We run a lot of tests but it is possible no logs have come in over the
last 15 minutes, change the dropdown in the top left from ``Last 15m``
to ``Last 60m`` to get a better window on the logs. At this point you
should see a list of logs, if you click on a log event it will expand
and show you all of the fields associated with that event and their
values (note Chromium and Kibana seem to have trouble with this at times
and some fields end up without values, use Firefox if this happens).

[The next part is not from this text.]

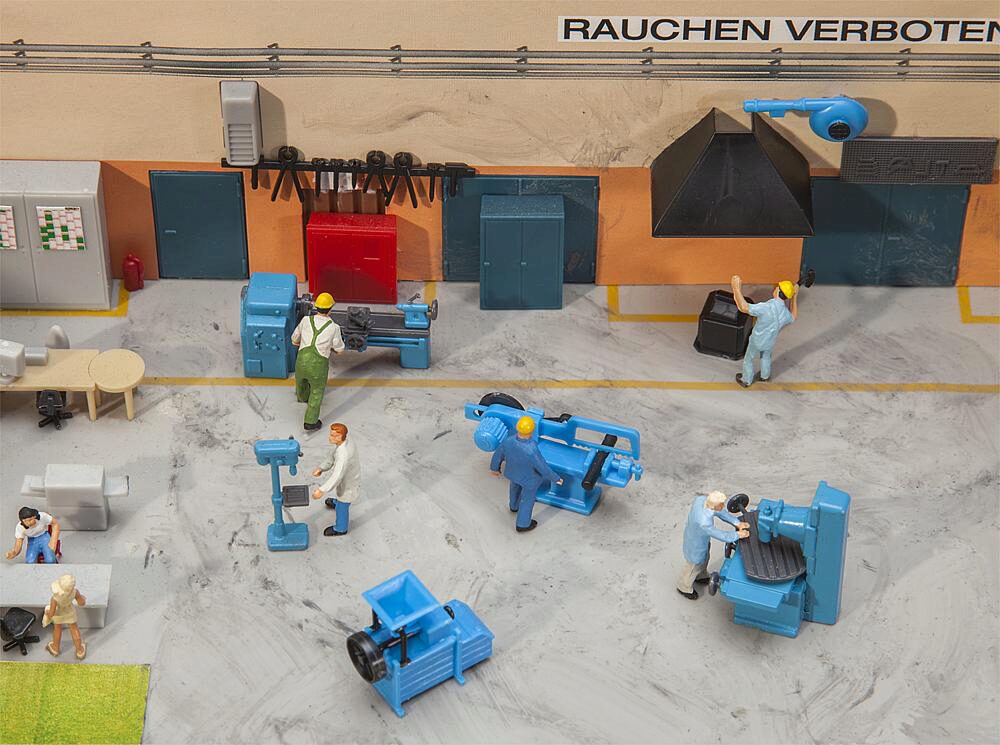 Das Set besteht aus einer Fräsmaschine, einer Ständerbohrmaschine, einer Bügelsäge, einer Drehbank, einer Werkzeugwand und verschiedenen Schmiedewerkzeugen.

You can search based on all of these fields and if you click the
magnifying glass next to a field in the expanded event view it will add
that field and value to your search. This is a good way of refining
searches without a lot of typing.
The above is good info for poking around in the Logstash logs, but
one of your changes has a failing test and you want to know why. We
can jumpstart the refining process with a simple query.
``@fields.build_change:"$FAILING_CHANGE" AND @fields.build_patchset:"$FAILING_PATCHSET" AND @fields.build_name:"$FAILING_BUILD_NAME" AND @fields.build_number:"$FAILING_BUILD_NUMBER"``
This will show you all logs available from the patchset and build pair
that failed. Chances are that this is still a significant number of
logs and you will want to do more filtering. You can add more filters
to the queriy using ``AND`` and ``OR`` and parentheses can be used to
group sections of the query. Potential additions to the above query
might be
* ``AND @fields.filename:"logs/syslog.txt"`` to get syslog events.
* ``AND @fields.filename:"logs/screen-n-api.txt"`` to get Nova API events.
* ``AND @fields.loglevel:"ERROR"`` to get ERROR level events.
* ``AND @message"error"`` to get events with error in their message.
and so on.
General query tips:
* Don't search ``All time``. ElasticSearch is bad at trying to find all
the things it ever knew about. Give it a window of time to look
through. You can use the presets in the dropdown to select a window or
use the ``foo`` to ``bar`` boxes above the frequency graph.
* Only the @message field can have fuzzy searches performed on it. Other
fields require specific information.
* This system is growing fast and may not always keep up with the load.
Be patient. If expected logs do not show up immediately after the
Jenkins job completes wait a few minutes.